Most Helpful Customer Reviews

12 of 14 people found the following review helpful By Silea TOP 1000 REVIEWERVINE VOICE on October 15, 2011
Format: Hardcover Vine Customer Review of Free Product ( What's this? )
While this book is ostensibly about the wide variety of ways different cultures address death and corpses, shaped by the author's experience of her father's death, it's really quite the other way around. Every aspect of this book is about her father's death, through the lens of various other cultures. It's a travelogue, sorted not chronologically but by death ritual category. Burying, burning, mummifying, it's all in there, but never more than a stone's throw from the core of the issue: a woman facing her own mortality after the death of her father.

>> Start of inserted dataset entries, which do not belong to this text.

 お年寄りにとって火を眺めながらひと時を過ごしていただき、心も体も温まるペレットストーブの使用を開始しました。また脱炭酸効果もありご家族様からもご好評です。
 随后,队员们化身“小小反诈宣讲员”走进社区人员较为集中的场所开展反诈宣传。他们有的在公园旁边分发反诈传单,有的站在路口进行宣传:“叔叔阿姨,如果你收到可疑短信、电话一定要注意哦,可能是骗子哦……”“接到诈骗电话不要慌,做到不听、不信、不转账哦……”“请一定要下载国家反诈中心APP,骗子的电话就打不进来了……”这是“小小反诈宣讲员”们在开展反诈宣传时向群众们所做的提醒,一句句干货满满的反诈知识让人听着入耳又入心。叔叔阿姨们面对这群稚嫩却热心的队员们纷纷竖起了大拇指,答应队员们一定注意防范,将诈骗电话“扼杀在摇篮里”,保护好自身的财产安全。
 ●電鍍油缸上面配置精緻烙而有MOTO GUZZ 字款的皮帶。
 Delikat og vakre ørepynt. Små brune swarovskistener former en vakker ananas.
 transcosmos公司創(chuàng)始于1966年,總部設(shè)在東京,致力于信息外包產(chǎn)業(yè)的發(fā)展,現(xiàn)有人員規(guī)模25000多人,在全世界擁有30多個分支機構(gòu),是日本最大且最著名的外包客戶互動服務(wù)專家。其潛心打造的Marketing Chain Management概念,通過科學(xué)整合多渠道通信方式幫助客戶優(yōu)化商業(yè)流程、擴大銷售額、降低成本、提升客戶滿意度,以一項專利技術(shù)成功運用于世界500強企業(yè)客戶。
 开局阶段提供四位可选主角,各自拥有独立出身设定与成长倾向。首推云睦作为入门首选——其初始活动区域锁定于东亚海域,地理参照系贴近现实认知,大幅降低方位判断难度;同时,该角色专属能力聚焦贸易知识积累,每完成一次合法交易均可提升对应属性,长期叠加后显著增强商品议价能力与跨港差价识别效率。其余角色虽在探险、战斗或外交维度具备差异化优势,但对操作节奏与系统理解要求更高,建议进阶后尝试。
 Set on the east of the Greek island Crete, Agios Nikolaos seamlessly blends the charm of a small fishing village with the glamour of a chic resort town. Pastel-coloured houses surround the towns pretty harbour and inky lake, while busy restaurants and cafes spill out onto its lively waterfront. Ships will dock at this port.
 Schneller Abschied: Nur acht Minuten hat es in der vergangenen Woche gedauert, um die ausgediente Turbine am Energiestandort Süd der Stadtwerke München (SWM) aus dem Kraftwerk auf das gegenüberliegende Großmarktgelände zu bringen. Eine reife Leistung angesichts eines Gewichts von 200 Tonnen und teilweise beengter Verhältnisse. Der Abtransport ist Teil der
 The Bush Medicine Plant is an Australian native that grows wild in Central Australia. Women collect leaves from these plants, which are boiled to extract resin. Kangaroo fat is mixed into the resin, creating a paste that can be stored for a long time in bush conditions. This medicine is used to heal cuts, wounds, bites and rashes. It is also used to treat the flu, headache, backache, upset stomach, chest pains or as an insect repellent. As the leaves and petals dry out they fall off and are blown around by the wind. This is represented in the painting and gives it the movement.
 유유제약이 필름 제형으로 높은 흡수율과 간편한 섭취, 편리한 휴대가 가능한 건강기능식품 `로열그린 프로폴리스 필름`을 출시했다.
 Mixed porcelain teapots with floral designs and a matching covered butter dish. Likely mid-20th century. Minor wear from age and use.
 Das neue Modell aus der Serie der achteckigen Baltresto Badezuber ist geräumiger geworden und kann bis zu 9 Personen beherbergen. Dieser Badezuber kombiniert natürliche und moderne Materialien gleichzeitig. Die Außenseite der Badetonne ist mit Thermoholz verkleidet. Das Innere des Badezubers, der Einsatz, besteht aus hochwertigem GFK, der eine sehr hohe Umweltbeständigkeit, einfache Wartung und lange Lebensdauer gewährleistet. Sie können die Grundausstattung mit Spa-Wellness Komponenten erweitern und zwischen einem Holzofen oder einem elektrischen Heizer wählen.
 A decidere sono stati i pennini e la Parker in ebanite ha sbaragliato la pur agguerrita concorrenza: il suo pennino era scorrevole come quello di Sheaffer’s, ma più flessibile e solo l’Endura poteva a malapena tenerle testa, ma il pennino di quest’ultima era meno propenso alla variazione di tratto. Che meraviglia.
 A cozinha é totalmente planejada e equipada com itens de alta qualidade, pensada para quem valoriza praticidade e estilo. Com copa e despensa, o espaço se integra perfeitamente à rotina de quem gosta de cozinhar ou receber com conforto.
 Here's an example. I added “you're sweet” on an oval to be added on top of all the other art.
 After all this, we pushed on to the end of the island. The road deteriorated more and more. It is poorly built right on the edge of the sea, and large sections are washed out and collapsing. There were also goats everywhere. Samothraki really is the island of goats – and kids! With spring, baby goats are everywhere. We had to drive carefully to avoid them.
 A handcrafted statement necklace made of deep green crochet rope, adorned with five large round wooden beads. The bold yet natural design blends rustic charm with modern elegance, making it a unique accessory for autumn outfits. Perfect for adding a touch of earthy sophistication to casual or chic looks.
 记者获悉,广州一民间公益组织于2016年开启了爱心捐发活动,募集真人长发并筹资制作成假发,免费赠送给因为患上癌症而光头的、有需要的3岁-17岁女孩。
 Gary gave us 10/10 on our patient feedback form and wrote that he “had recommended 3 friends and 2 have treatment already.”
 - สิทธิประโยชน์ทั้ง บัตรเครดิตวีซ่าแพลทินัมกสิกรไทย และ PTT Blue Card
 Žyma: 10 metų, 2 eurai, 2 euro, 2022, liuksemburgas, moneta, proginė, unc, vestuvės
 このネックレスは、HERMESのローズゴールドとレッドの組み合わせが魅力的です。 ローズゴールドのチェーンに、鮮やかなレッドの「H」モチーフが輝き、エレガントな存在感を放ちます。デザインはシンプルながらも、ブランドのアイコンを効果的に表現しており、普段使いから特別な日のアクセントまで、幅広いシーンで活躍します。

While the author includes intricate details about the rituals themselves, she somehow steers clear of any emotional or philosophical depth. The meaning behind the rituals is explained with a sort of clinical detachment, the barest of broad strokes to explain the significance of the intricately detailed pyre or brightly colored coffin.

The organization of the book can be a bit frustrating at times as well. Cultures that share a type of death ritual share a chapter, but rather than being presented in sequence, the reader finds themselves tossed randomly between them with little rhyme or reason. The narrative lurches from the embalming chemicals and stainless-steel rectangular coffins of mainstream US burials to the colorful and creative coffins of Ghana, and back again. The description of immolation in the enormous and intricate pyres of Bali switches, with no notice whatsoever, to a documentation of the much more functional funeral pyres of India. From one paragraph to the next, it jolts back to the splendor of a Balinese funeral. While the intention is clearly to juxtapose the two extremes, it doesn't do so in a coherent way.

And through all that, the focus is solely on the author.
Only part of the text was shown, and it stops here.